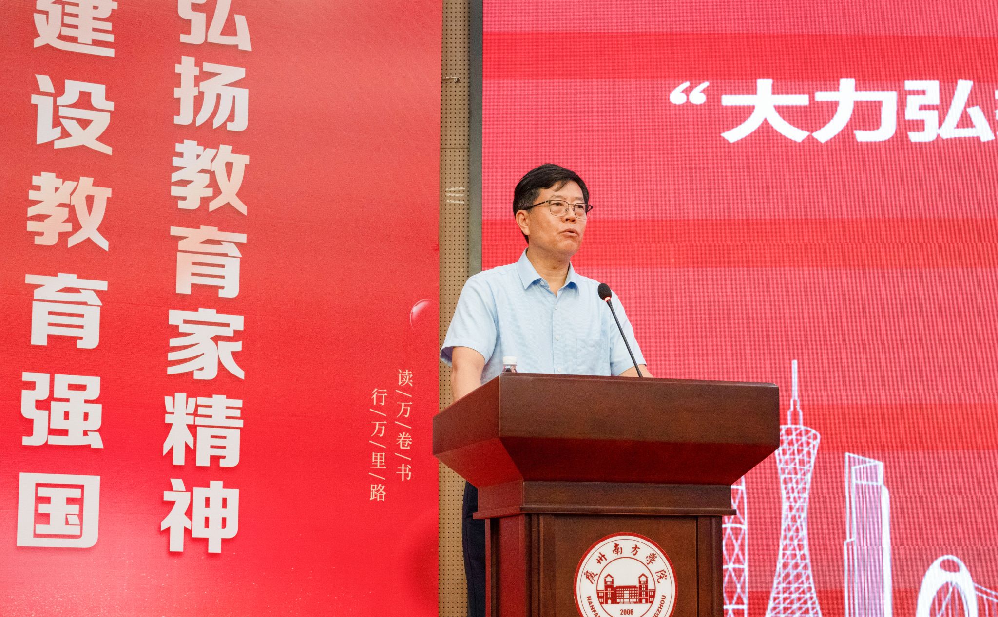 会上,曹广福副校长首先向全校教师致以节日的问候,并向新入职教师表示热烈欢迎。随后,他结合自己多年的从教经历和当前青年教师面临的形势,向大家分享了他个人对教育行业、对教师职业的感受。他指出,南方学院作为位居全国前列的民办高校,有很好的软件条件,有一支优秀的师资队伍,这是学校迈向未来的关键。学校始终坚持立德树人根本任务,在发展中牢牢地将教学摆在中心位置,他希望新入职教师尽快完成角色转换,把做好教学工作作为事业的追求。他表示,当前学校在不断改善硬件条件,优化校园环境,为师生提供更好的工作、学习以及生活环境。他相信在大家的共同努力下,全体教职工不忘初心,一定可以把南方学院建设成为国内一流的应用型高校。
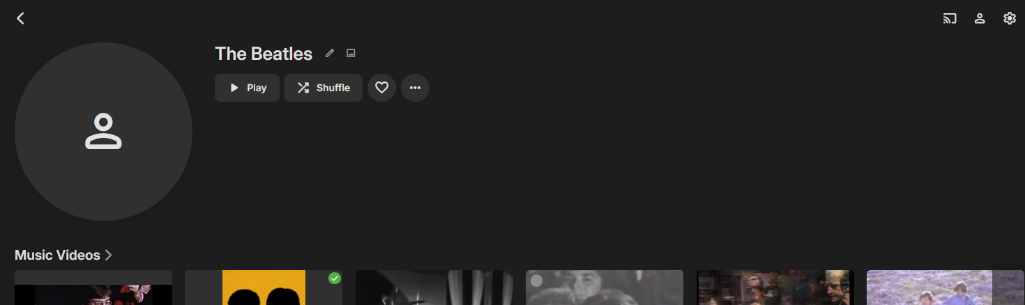 Luke 42080 Posted July 11, 2024 Posted July 11, 2024 On 7/5/2024 at 5:13 PM, CharleyVarrick said: Movies reference are now mostly purged (thank you). Now my 2nd main concern, why are artists "ignored". All my music videos have proper artist in MD, and if I click on any artist link, it brings me to a list of all MV by them. But I was expecting also an artist pic, a short bio, etc, instead they all look sad like this: I have tried Identify feature but it does not finds anything. Hi, have you tried refreshing the metadata on that artist?
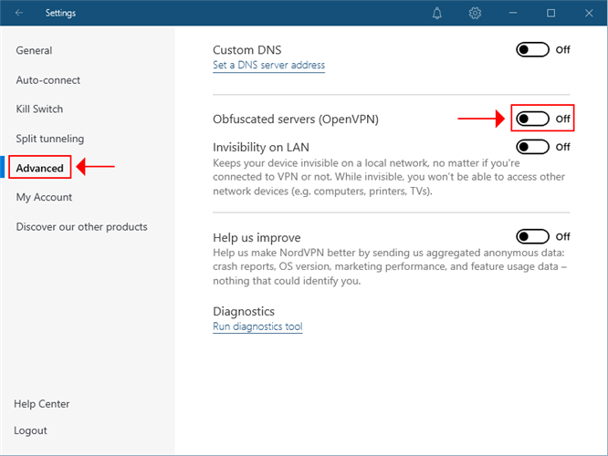 - Go to Advanced and turn on Obfuscated servers (OpenVPN)
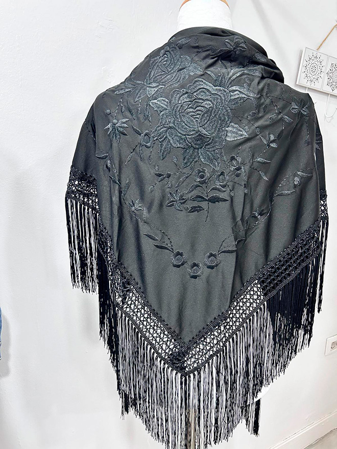 Mantón negro bordado en negro
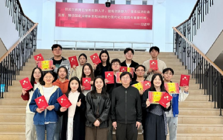 会议最后,辅导员肖建光老师、宋悦老师为2024级研会全体成员颁发聘书与纪念品,并合影留念。
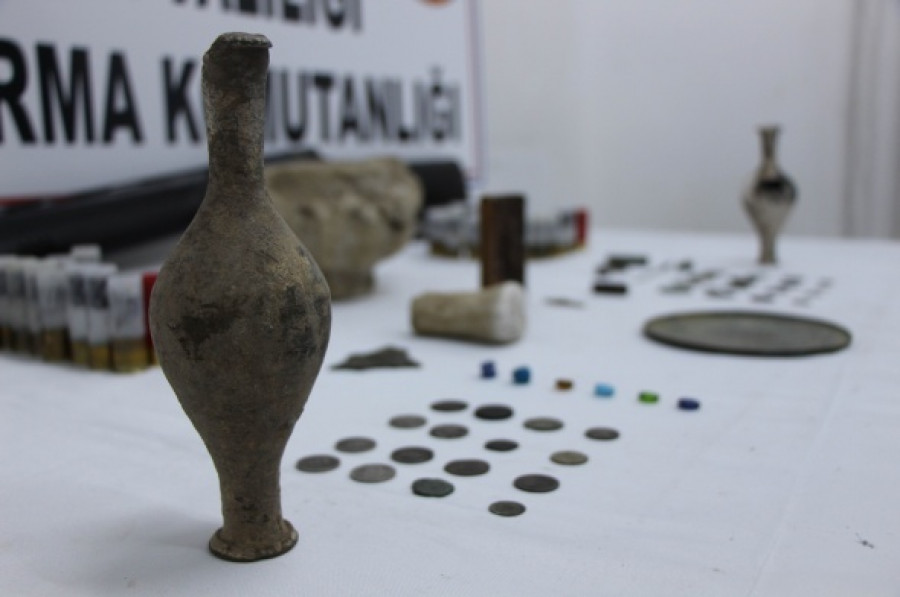 Soruşturmayı derinleştiren jandarma ekiplerinin il merkezindeki M.D.'nin iş yerinde yapılan aramada ise erken Roma dönemine ait 43 sikke, bir yüzünde Hz. İsa diğer yüzünde Hz. Meryem figürlü tunç tablet, 1 Hz. İsa figürlü metal haç, 1 metal kolye ucu, 1 mühür, 1 dibek ve tokmağı ile 7 cam obje tespit edildi.

════════

Work required:
Could you print all the entries exactly as they stand, with the pictures left out?

Solution:
 会上,曹广福副校长首先向全校教师致以节日的问候,并向新入职教师表示热烈欢迎。随后,他结合自己多年的从教经历和当前青年教师面临的形势,向大家分享了他个人对教育行业、对教师职业的感受。他指出,南方学院作为位居全国前列的民办高校,有很好的软件条件,有一支优秀的师资队伍,这是学校迈向未来的关键。学校始终坚持立德树人根本任务,在发展中牢牢地将教学摆在中心位置,他希望新入职教师尽快完成角色转换,把做好教学工作作为事业的追求。他表示,当前学校在不断改善硬件条件,优化校园环境,为师生提供更好的工作、学习以及生活环境。他相信在大家的共同努力下,全体教职工不忘初心,一定可以把南方学院建设成为国内一流的应用型高校。
 Luke 42080 Posted July 11, 2024 Posted July 11, 2024 On 7/5/2024 at 5:13 PM, CharleyVarrick said: Movies reference are now mostly purged (thank you). Now my 2nd main concern, why are artists "ignored". All my music videos have proper artist in MD, and if I click on any artist link, it brings me to a list of all MV by them. But I was expecting also an artist pic, a short bio, etc, instead they all look sad like this: I have tried Identify feature but it does not finds anything. Hi, have you tried refreshing the metadata on that artist?
 - Go to Advanced and turn on Obfuscated servers (OpenVPN)
 Mantón negro bordado en negro
 会议最后,辅导员肖建光老师、宋悦老师为2024级研会全体成员颁发聘书与纪念品,并合影留念。
 Soruşturmayı derinleştiren jandarma ekiplerinin il merkezindeki M.D.'nin iş yerinde yapılan aramada ise erken Roma dönemine ait 43 sikke, bir yüzünde Hz. İsa diğer yüzünde Hz. Meryem figürlü tunç tablet, 1 Hz. İsa figürlü metal haç, 1 metal kolye ucu, 1 mühür, 1 dibek ve tokmağı ile 7 cam obje tespit edildi.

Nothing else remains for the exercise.